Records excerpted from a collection
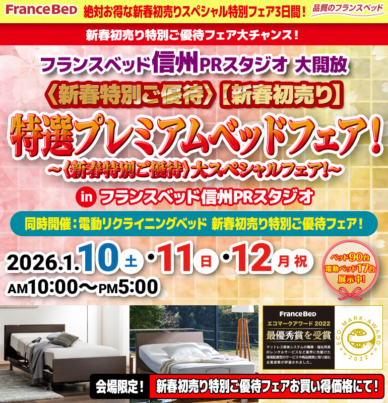 - フランスベッド信州PRスタジオ 大開放 <新春特別ご優待>【新春初売り】特選プレミアムベッドフェア!
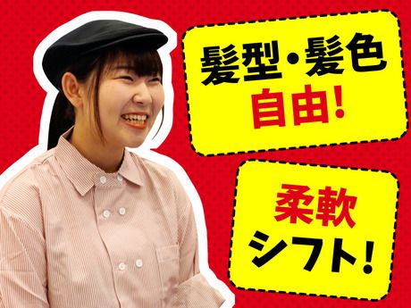 【保険制度】 雇用保険、労災保険、健康保険、厚生年金 待遇・福利厚生 【福利厚生】 ■社員登用あり ■制服貸与 ■食事補助あり ■社員割引あり ■バイク・車通勤OK ■昇給あり ■髪型自由 ■友達と応募歓迎
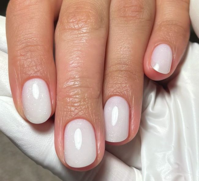 The GelBottle Inc brand ambassador, @kkdnails, embraces the milky white nail trend by using BIAB
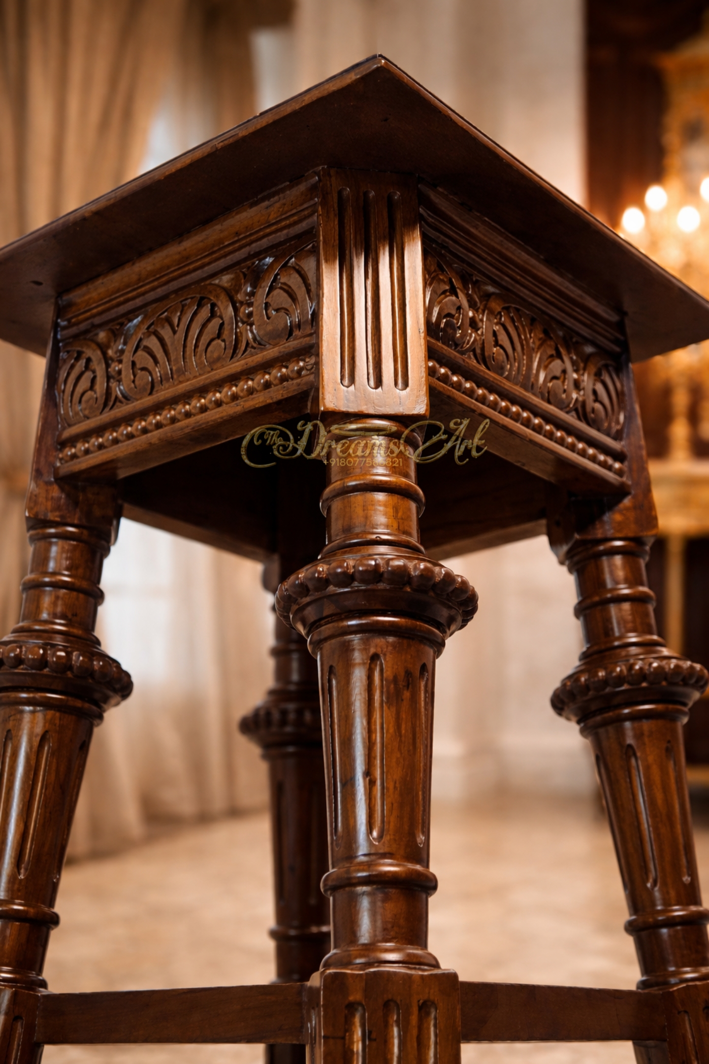Introducing The Windsor Heritage Hand-Carved Wooden Stool, a beautifully proportioned accent piece inspired by classical European and royal Indian design. Expertly handcrafted from premium solid wood by skilled Saharanpur artisans, this stool features elegant panel carvings, turned legs with bead detailing, and a refined square top finished with a rich, lustrous polish.
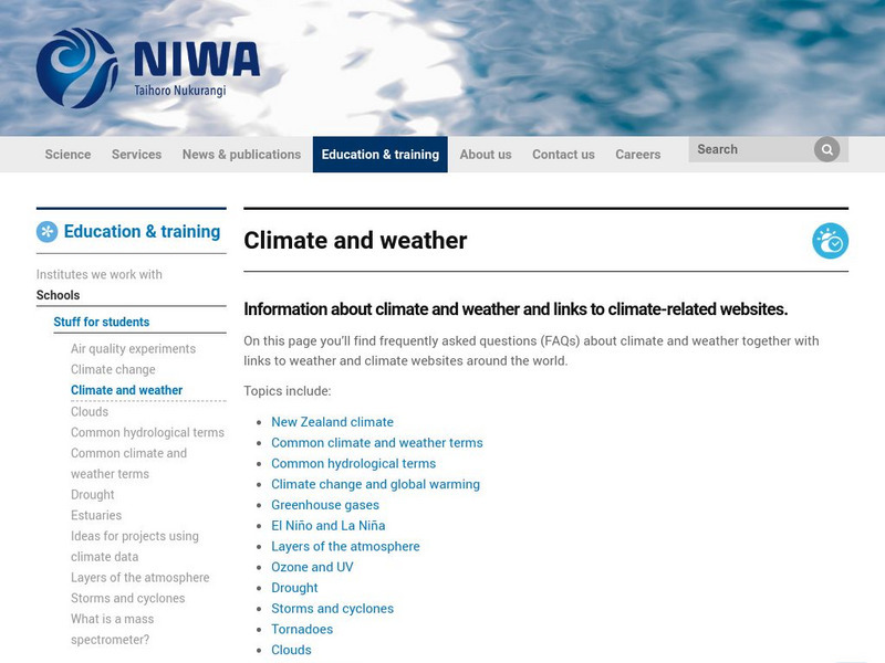Want to learn more about the climate and weather? This webpage contains links to websites around the world concerned with providing information about climate and weather. Topics include ozone, greenhouse gases, global warming, tornadoes,...
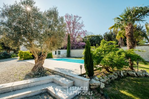 The heated swimming pool blends harmoniously into the green environment. The covered and beautifully flowered terrace is ideal for large tables. The property also has several closed garages and outdoor parking spaces. In the immediate vicinity of shops, schools and services, the house benefits from a sought-after location, combining comfort of life and accessibility.
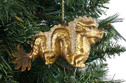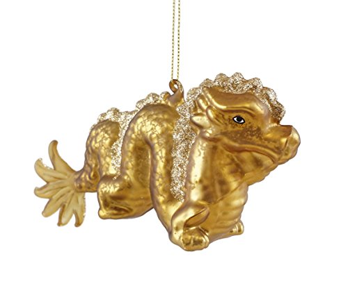 - Features a bronze-colored Chinese dragon with hand painted glittery details
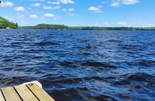 Welcome to Blandings Cottage on beautiful Lake Cecebe! We are located on a quiet road with 400 feet of water frontage. Guests will stay in our private boathouse living quarters, with two bedrooms (new queen-sized mattresses), a well-equipped kitchen and full bathroom. Large picture windows in the living/dining room give an expansive view the lake. A private sand beach next to the house is a perfect place for children to wade or play in the sand. There is plenty of room on the dock to sit and enjoy the view, go fishing or park a boat. Our property is well cared for, with gardens and lawns kept in top condition. The owner lives about 300 feet away in the main cottage, and is happy to help with anything guests need.
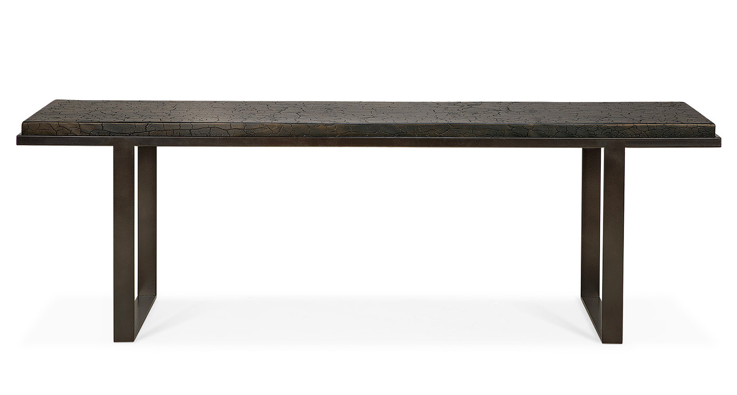 Hluboký povrch konzoly Stability, který se opírá o některé z nejstarších uměleckých technik předků, je ručně tvarován zručnými řemeslníky. Přírodní minerální prášky a barevné pigmenty se mísí a vytvářejí jedinečný povrch konzole. Tloušťka topu vytváří odhalující kontrast se vzdušnou základnou. Jednoduché linie předvádějí čistou krásu dobře zpracovaného kovu.
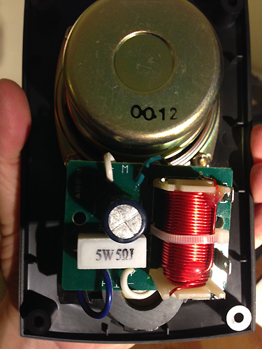 A generic "CAPEX" 4uf 100v NP electrolytic cap is used on the tweeter. While this cap isn't audiophile quality for a small computer speaker it's acceptable. However, I measured them at 4.75 and 4.83uf which is close to 20% out of tolerance, not good. A 5 ohm 5W resistor pads the tweeter. An iron-core inductor is used on the mid-woofer.
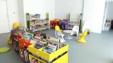 Les enfants de moins de 7 ans ont également leur espace, avec des collections dédiées, du mobilier ludique et adapté aux petits, derrière une large baie vitrée donnant sur la ville.
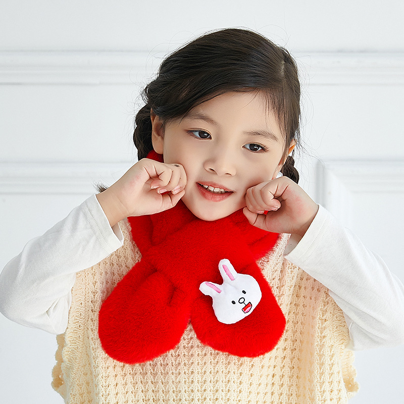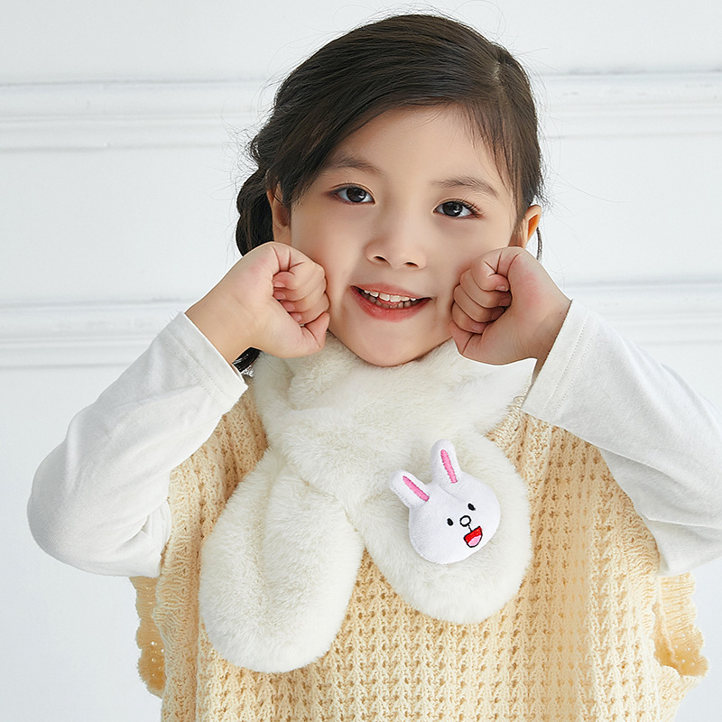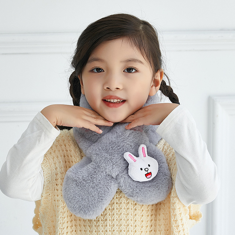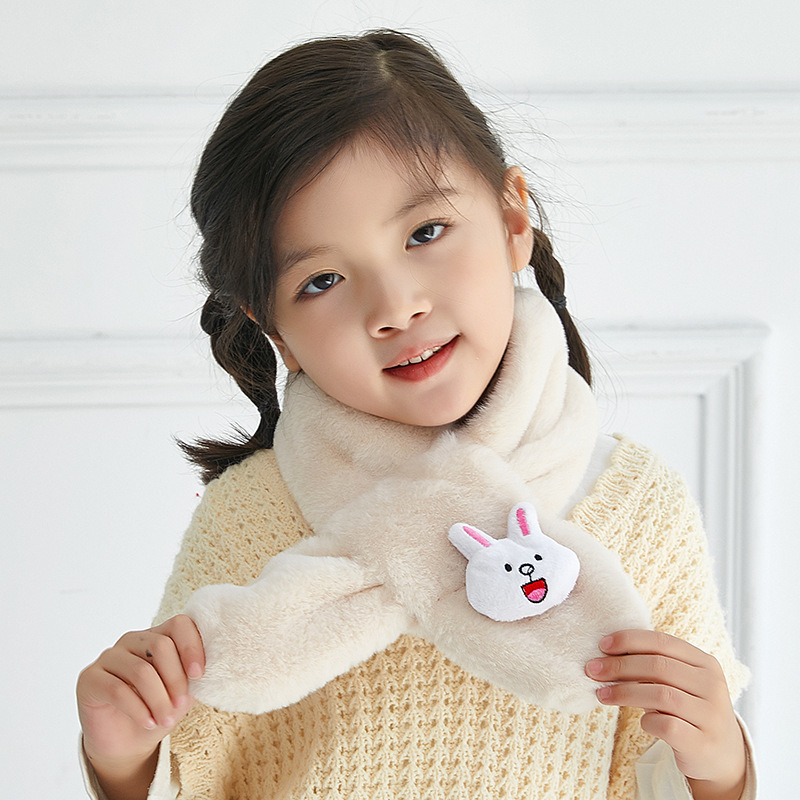 소년과 소녀를위한 따뜻한 어린이 스카프 겨울 아기 슈퍼 귀여운 아기 토끼 모피 플러시 한국 만화 칼라스토어 가기
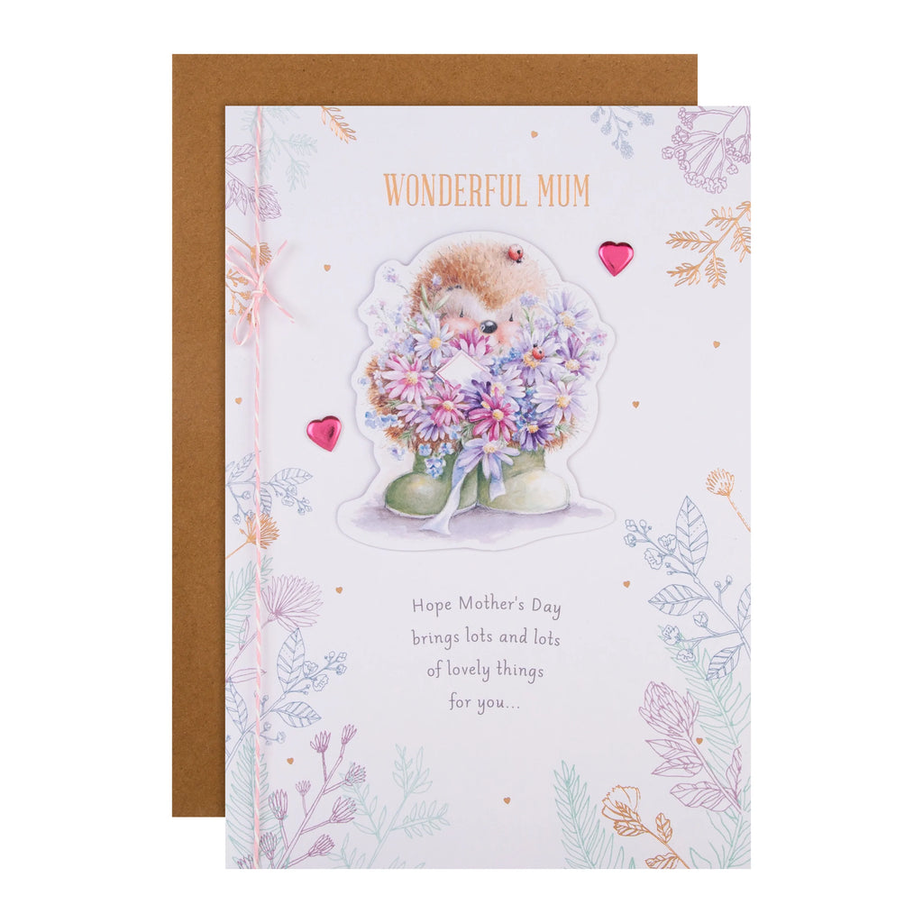 Printed on high-quality board, this card features a paper insert, a 3D attachment, pink paper heart gems, copper foil details, and comes complete with a co-ordinating brown Kraft, Hallmark branded envelope.
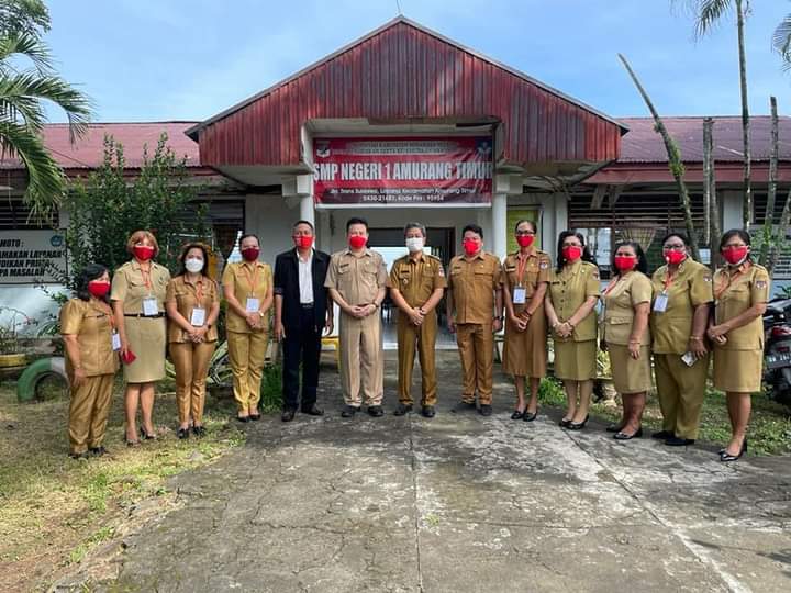 Kepala sekolah SMP N 1 Amurang Timur Virna W Johanis Spd didampingi para guru bersama ketua komite sekolah Jotje Mogigir SH menyambut kedatangan rombongan Wakil Bupati dan bersama sama melakukan pemantauan pelaksanaan ujian akhir sekolah .
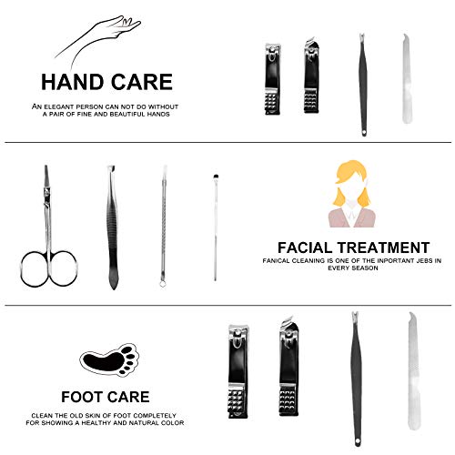 Alta qualità: il kit per la cura delle unghie è realizzato in acciaio inox di alta qualità e sono prodotti con elevati standard per garantire che ogni strumento sia bello e robusto non solo utilizzando comodo, ma anche facile da tagliare. Il bordo di ciascuno è stato lucidato ripetutamente per avere una presa comoda, la lama può rimanere affilata per molti anni dopo un ripetitivo processo di lucidatura e indurimento
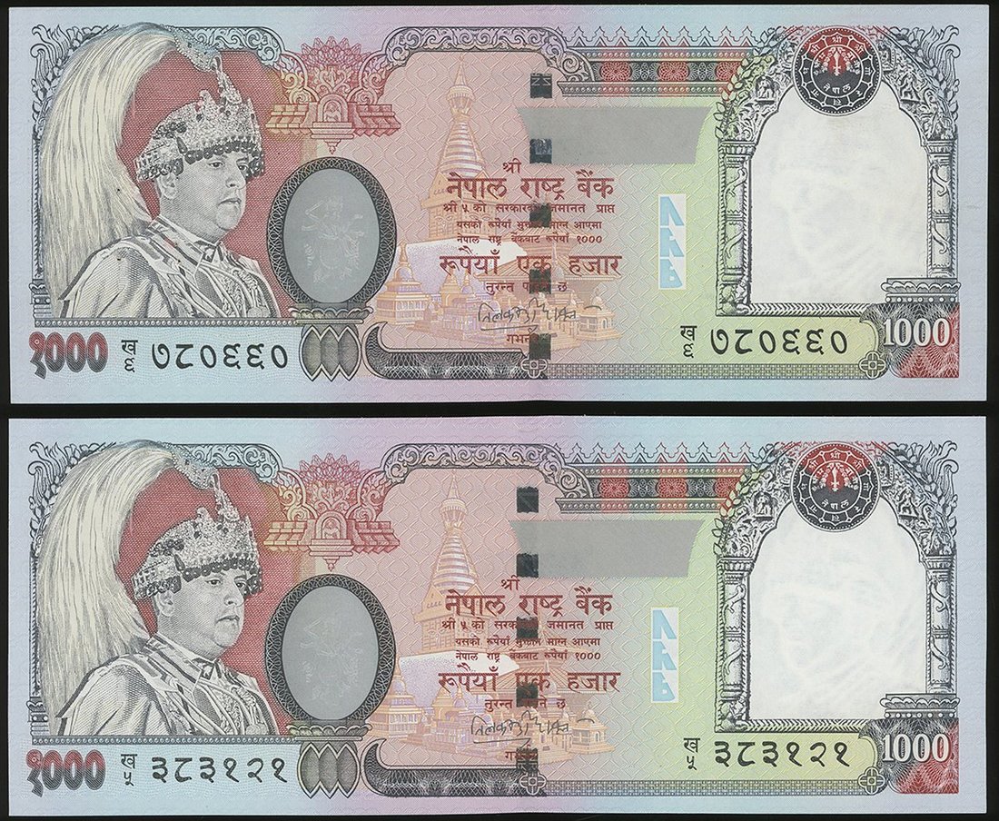 6x 1000 Rupees, signed by Dr. Rawal, two different stylistic variaties,

- What is required:
Write the records out exactly once more, leaving off the pictures.

- Output for this task:
 - フランスベッド信州PRスタジオ 大開放 <新春特別ご優待>【新春初売り】特選プレミアムベッドフェア!
 【保険制度】 雇用保険、労災保険、健康保険、厚生年金 待遇・福利厚生 【福利厚生】 ■社員登用あり ■制服貸与 ■食事補助あり ■社員割引あり ■バイク・車通勤OK ■昇給あり ■髪型自由 ■友達と応募歓迎
 The GelBottle Inc brand ambassador, @kkdnails, embraces the milky white nail trend by using BIAB
Introducing The Windsor Heritage Hand-Carved Wooden Stool, a beautifully proportioned accent piece inspired by classical European and royal Indian design. Expertly handcrafted from premium solid wood by skilled Saharanpur artisans, this stool features elegant panel carvings, turned legs with bead detailing, and a refined square top finished with a rich, lustrous polish.
Want to learn more about the climate and weather? This webpage contains links to websites around the world concerned with providing information about climate and weather. Topics include ozone, greenhouse gases, global warming, tornadoes,...
 The heated swimming pool blends harmoniously into the green environment. The covered and beautifully flowered terrace is ideal for large tables. The property also has several closed garages and outdoor parking spaces. In the immediate vicinity of shops, schools and services, the house benefits from a sought-after location, combining comfort of life and accessibility.
 - Features a bronze-colored Chinese dragon with hand painted glittery details
 Welcome to Blandings Cottage on beautiful Lake Cecebe! We are located on a quiet road with 400 feet of water frontage. Guests will stay in our private boathouse living quarters, with two bedrooms (new queen-sized mattresses), a well-equipped kitchen and full bathroom. Large picture windows in the living/dining room give an expansive view the lake. A private sand beach next to the house is a perfect place for children to wade or play in the sand. There is plenty of room on the dock to sit and enjoy the view, go fishing or park a boat. Our property is well cared for, with gardens and lawns kept in top condition. The owner lives about 300 feet away in the main cottage, and is happy to help with anything guests need.
 Hluboký povrch konzoly Stability, který se opírá o některé z nejstarších uměleckých technik předků, je ručně tvarován zručnými řemeslníky. Přírodní minerální prášky a barevné pigmenty se mísí a vytvářejí jedinečný povrch konzole. Tloušťka topu vytváří odhalující kontrast se vzdušnou základnou. Jednoduché linie předvádějí čistou krásu dobře zpracovaného kovu.
 A generic "CAPEX" 4uf 100v NP electrolytic cap is used on the tweeter. While this cap isn't audiophile quality for a small computer speaker it's acceptable. However, I measured them at 4.75 and 4.83uf which is close to 20% out of tolerance, not good. A 5 ohm 5W resistor pads the tweeter. An iron-core inductor is used on the mid-woofer.
 Les enfants de moins de 7 ans ont également leur espace, avec des collections dédiées, du mobilier ludique et adapté aux petits, derrière une large baie vitrée donnant sur la ville.
 소년과 소녀를위한 따뜻한 어린이 스카프 겨울 아기 슈퍼 귀여운 아기 토끼 모피 플러시 한국 만화 칼라스토어 가기
 Printed on high-quality board, this card features a paper insert, a 3D attachment, pink paper heart gems, copper foil details, and comes complete with a co-ordinating brown Kraft, Hallmark branded envelope.
 Kepala sekolah SMP N 1 Amurang Timur Virna W Johanis Spd didampingi para guru bersama ketua komite sekolah Jotje Mogigir SH menyambut kedatangan rombongan Wakil Bupati dan bersama sama melakukan pemantauan pelaksanaan ujian akhir sekolah .
 Alta qualità: il kit per la cura delle unghie è realizzato in acciaio inox di alta qualità e sono prodotti con elevati standard per garantire che ogni strumento sia bello e robusto non solo utilizzando comodo, ma anche facile da tagliare. Il bordo di ciascuno è stato lucidato ripetutamente per avere una presa comoda, la lama può rimanere affilata per molti anni dopo un ripetitivo processo di lucidatura e indurimento
 6x 1000 Rupees, signed by Dr. Rawal, two different stylistic variaties,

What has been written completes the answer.